Young Mr Doh teased and complimented Mae at the same time. 'Oh! Where are your angel wings? Where are the veils and the bobbles? You are wearing glasses, why did you put on your husband's clothes by mistake?'

The children chorused giggles and hid their mouths.

Mae asked, 'What does Young Mr Doh think of Air?'

'What Air? Where is it? I tell you, it will never happen. How many people died, eh? No one wants it.'

'I want movies,' said his brother, who was a bit simple.

'So do I,' piped up one of the grandsons. 'It is as boring as mud in this village.'

'Fut-bol!' roared all the boys in unison, approximating in their language the name of the great international sport.

Mr Doh said, 'We get all of that on TV already. I tell you, nothing will change.'

The two young Doh wives, of course, worked and had no need of fashion. On the other hand, Young Miss Doh was famous for wearing men's clothes and riding a motorcycle. Outside on the street, An and Mae shrugged to each other.

At home, Joe waited for them in the kitchen, still in his undershirt and work trousers. 'So, wife, did you learn anything?'

An bowed, and Joe grunted. Siao and Old Mr Chung watched. Why suddenly, did it seem to Mae that their gaze was insolent?

Mae found she did not want to talk in front of them. Everything was like an egg that she wanted to warm and protect and hide away.

The two women also sat at the table, under the stares of the men. An looked over their Question Sheets. 'Very few of your questions are answered, ma'am.'

'We will need to talk to wives separately.'

'Why do you need to do that?' said Joe, belligerently.

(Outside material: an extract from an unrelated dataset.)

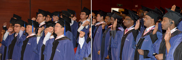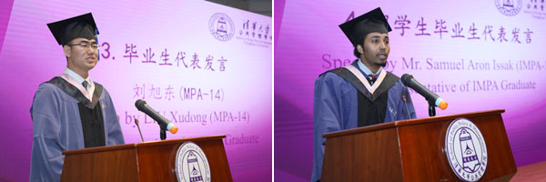2014级MPA刘旭东、2016级IMPA Samuel Aron Issak(厄立特里亚)分别作为中国毕业生和留学生毕业生代表发言。两位同学满怀深情地回忆了在公管学习生活的点点滴滴,诚挚地表达了对学院和老师的感激之情,引起现场师生的强烈共鸣。他们表示将牢记“明德为公”的训导,将“自强不息,厚德载物”内化为自身的精神品格,为人类的公共管理事业贡献出自己的一份力量。
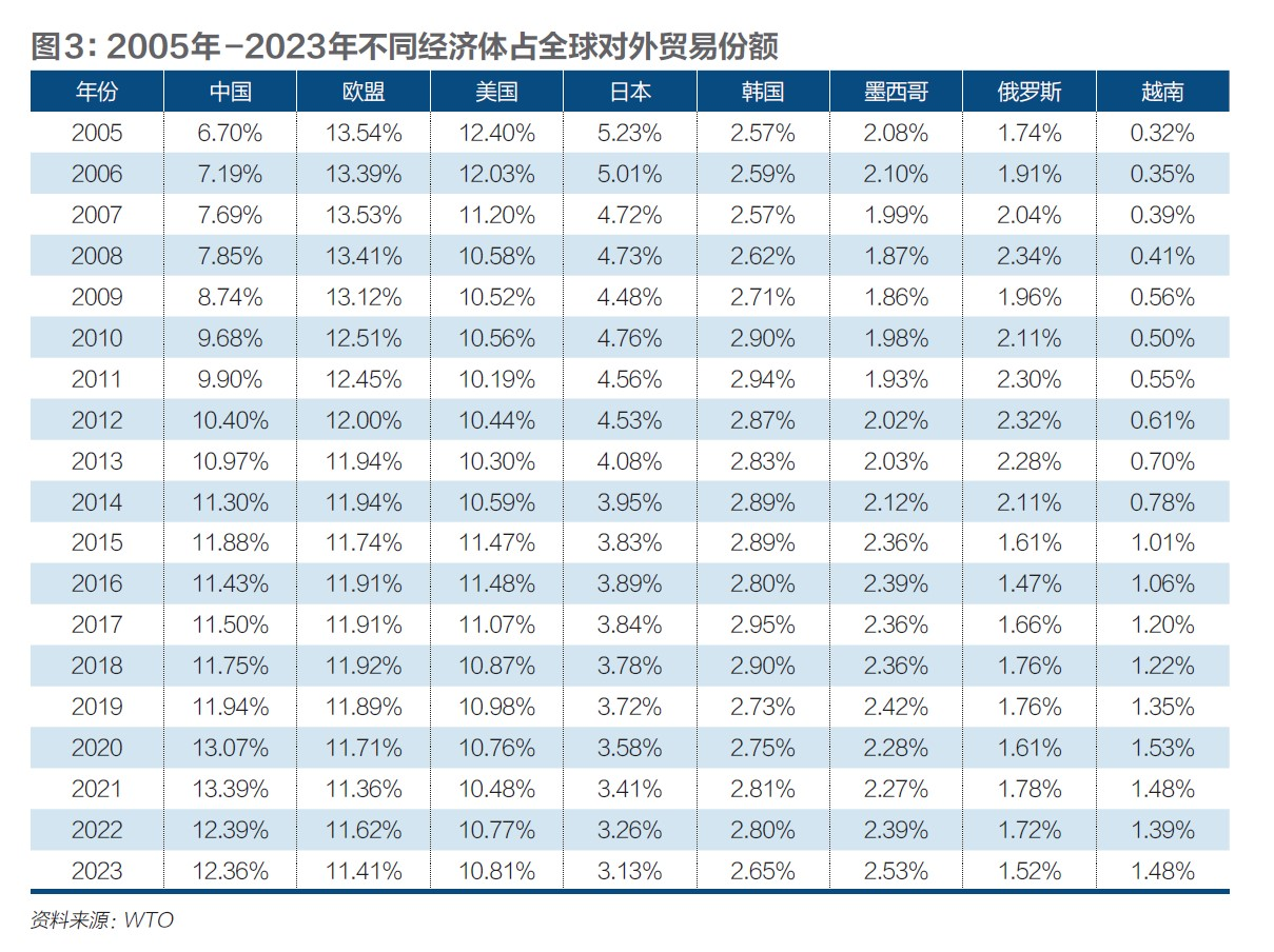 图3是2005年至2023年不同经济体占全球对外贸易份额。从占全球贸易份额来看,贸易战并没有阻滞中国的上升趋势。在2020年、2021年,由于新冠疫情影响,中国占全球贸易份额一度超过13%,2022年降到12.39%,而2023年与2022年持平。此外,越南、墨西哥等新兴市场所占份额在增长。从2017年到2023年,中国、越南、墨西哥占比分别提高了0.86%、0.29%、0.17%,而日本、欧盟、韩国、美国分别降低了0.71%、0.51%、0.29%、0.26%。

'Because wives do not talk around their husbands.'

'Oh. And you want to encourage them. Tuh.' Joe looked to his father and brother for support. Siao grunted, and hid his face.

Mae sighed. 'Joe. I try to make us money. To do that, I need to know what women want clothes for.'

'To cover their nakedness, or else they'd all be whores, he said.

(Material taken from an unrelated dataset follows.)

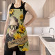 Awesome full graphic apron a un collage kitschy de teinte découpe photo des années 1930 de femme avec des lunettes steampunk ajoutées, une chaîne de perles, ruban lavi avec le texte "semi-blazer" sur l'arrière - plan de marguerites jaunes colorées
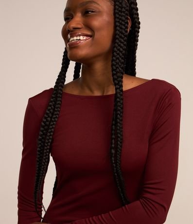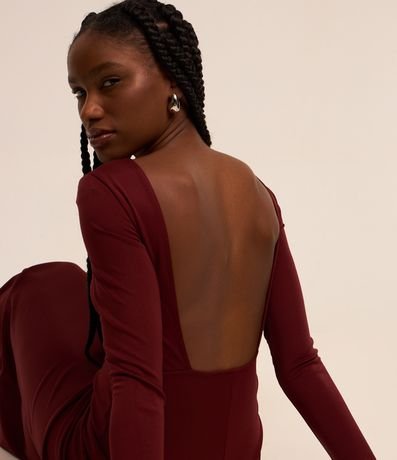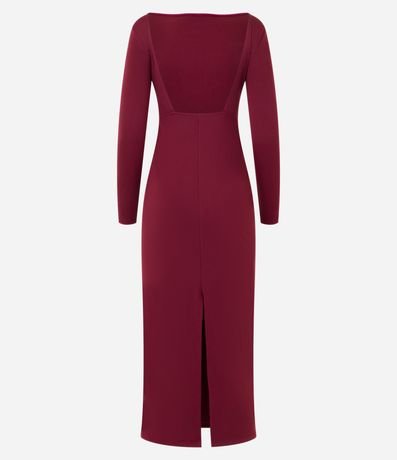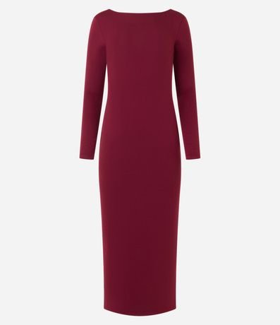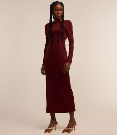 Ref: Vestido new midi com mangas longa, decote canoa com costas abertas, sem estampa e com fenda na parte de trás.

'Joe, we have a well-brought-up lady guest.'

Joe looked sullenly at both of them.

Mae looked at An. 'Everyone is pretending that nothing has changed. No one will talk about the Test at all.

An looked a bit tense. 'No one knows what to make of it. Except you.' An hesitated and then decided to push on. 'In your case, ma am, it was like a doctor prescribing deadly poison as a last resort. You have already gone through it, the worst. Every time people see you, they are reminded. That you were driven mad by it. That it changed you, beyond recognition.' An's eyes were saddened.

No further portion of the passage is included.